We illustrate our result also by numerical simulations. We used \(N=5\times 10^4\) samples of \(\frac{X_n}{\sqrt{n}}\) for \(n =50,150,600\) in order to estimate their probability distribution and we compared it with the expected convex combination of Gaussian measures. Figures 1 and 2 show the histograms of \(\frac{X_n}{\sqrt{n}}\) at the three different times (n = 50, 150, 600) for the choice \(p_3=\frac{1}{2}\) and for two different choices of the local initial state \(\rho _0\). In Fig. 3 we reported the empirical and the expected cumulative function. The same plots for the choice \(p_3=\frac{1}{6}\) are reported in Fig. 4. Once again we remark that, tuning initial state and absorption rates the Gaussian laws in the mixture do not change, but only their weights.

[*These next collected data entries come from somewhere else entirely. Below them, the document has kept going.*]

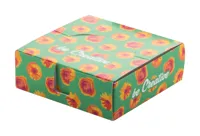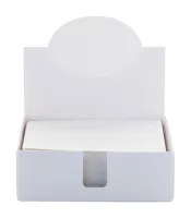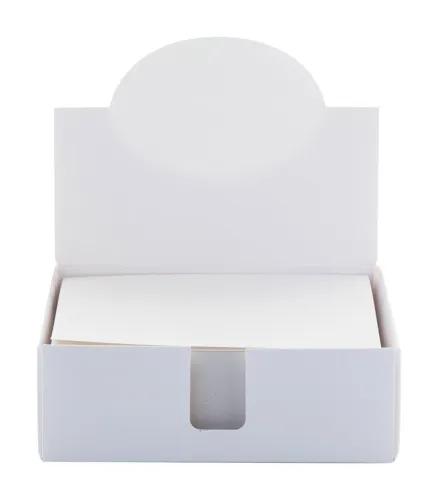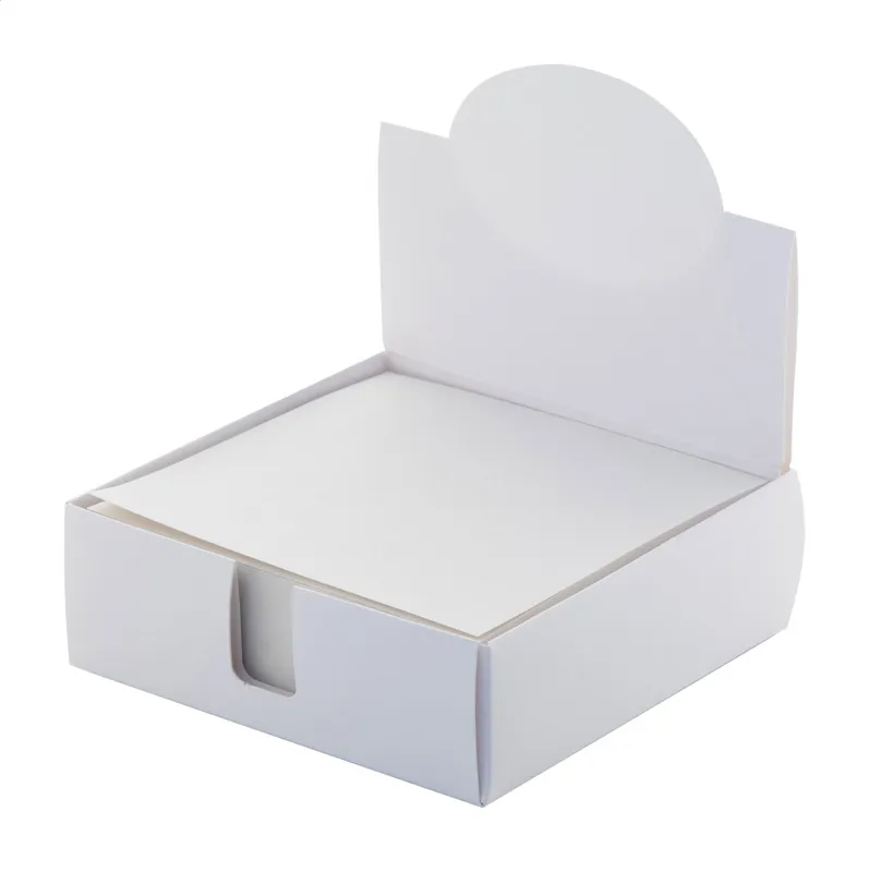 Egyedi gyártású jegyzettartó, 300 db újrahasznosított papírból álló jegyzettömbbel (90×90 mm). Az ár tartalmazza a full colour nyomtatást a tartón. Minimális rendelési mennyiség: 100 db.
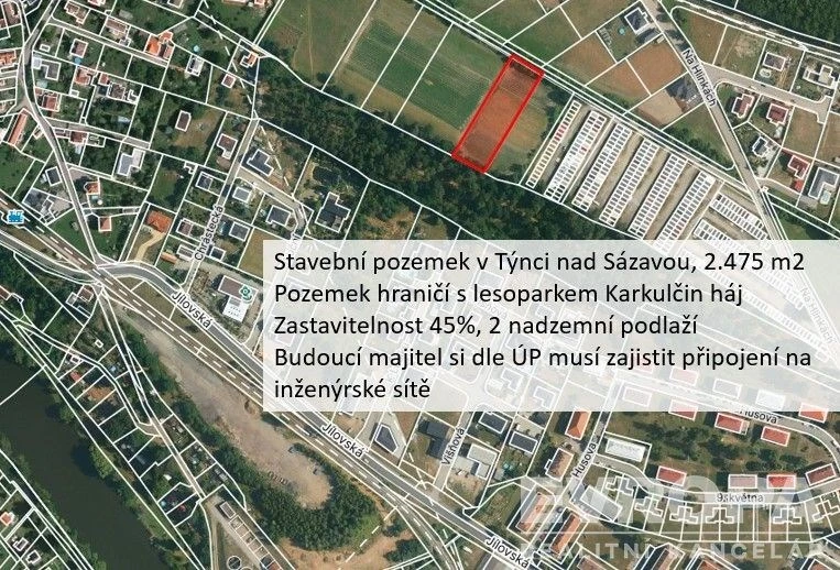 Týnec nad Sázavou je i díky zlepšení dopravní dostupností (dostavba D3) jedním z rychle se rozvíjejících měst. Rezidenční charakter a klidné prostředí vhodné pro rodiny s dětmi nebo pro ty, kteří hledají útočiště před ruchem velkých měst. Pozemek zaručuje i v budoucnu dostatek klidu jedinečná stezka lesoparkem tzv. Karkulčin háj, vede přímo pod tímto pozemkem krásné místo s venkovním fitness a dětským hřištěm.
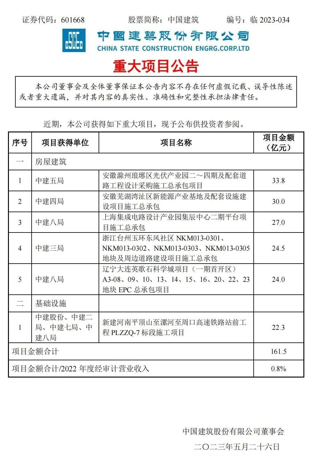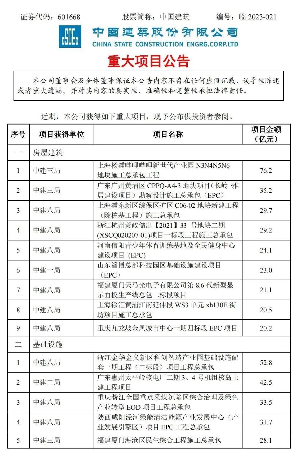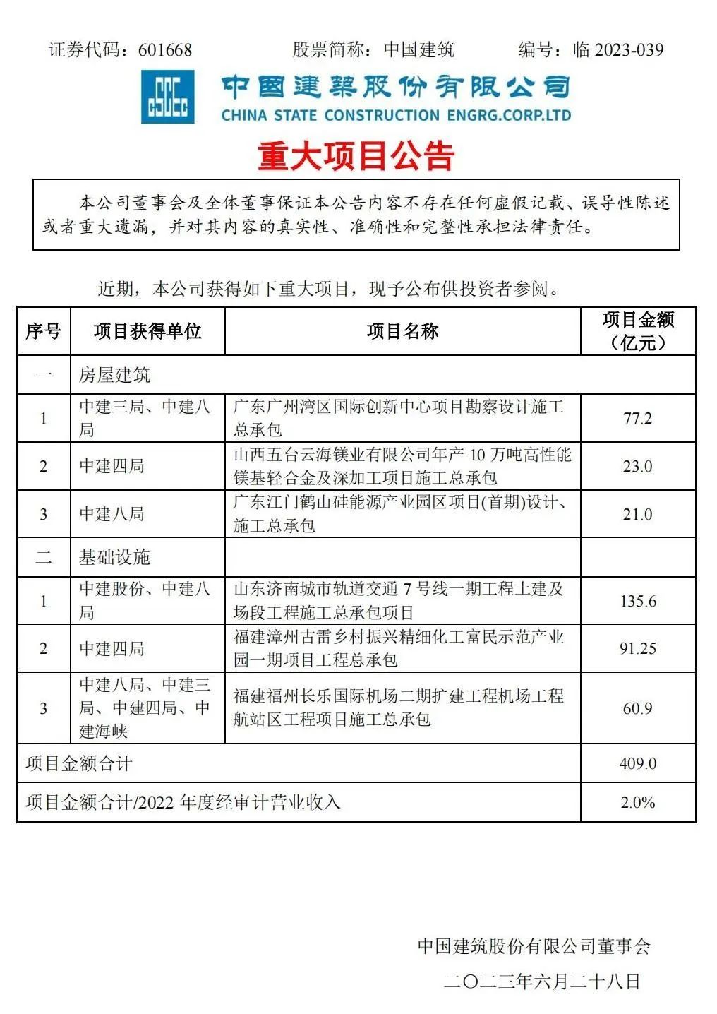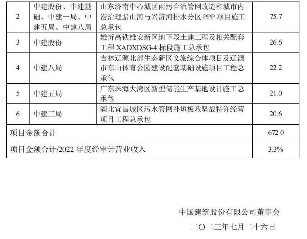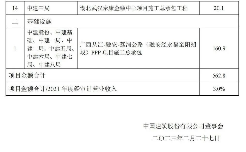 附中國(guó)建筑重大項(xiàng)目公告:

Finally, numerical simulations can also help us to have a better intuition of the behavior of the processes \((Y_n)_n\) used to introduce the laws of the family \({{\mathbb {P}}}'_\rho \) (recall Lemma 3.1). For the enclosure \(\chi _1\), for instance, the corresponding process \(Y_n=\mathrm {Tr}(\chi _1 \rho _n)\) should help us to select the trajectories absorbed in some sense in \(\chi _1\). In Fig. 5 we trace the trajectories of \((Y_n)_n\) along 800 steps, which show how \(Y_\infty \) is a Bernoulli random variable with parameter \({\mathbb {E}}_\rho [\mathrm {Tr}(A(\chi _1)\rho _0)]\); hence in this case \({{\mathbb {P}}}^1_\rho (\cdot )\) (defined as in relation (4.17)) is equal to \( {{\mathbb {P}}}_\rho ( \cdot |B)\) where \(B=\{Y_\infty =1\}=\{\lim _{n\rightarrow + \infty } \Vert p_{\chi _1} \rho _n p_{\chi _1}-\rho _n \Vert =0 \}\) and it represents the probability obtained conditioning \({{\mathbb {P}}}_\rho \) to the event of “being absorbed in \(\chi _1\)”.

Note that the frequence of trajectories such that \(Y_{800} >0.99\) is equal to 0.3388, and the frequence of trajectories for which \(Y_{800} <0.01\) is 0.6612. This is in agreement with \(a_1(\rho )={\mathbb {E}}_\rho [\mathrm {Tr}(A(\chi _1)\rho _0)]=\frac{1}{3}\).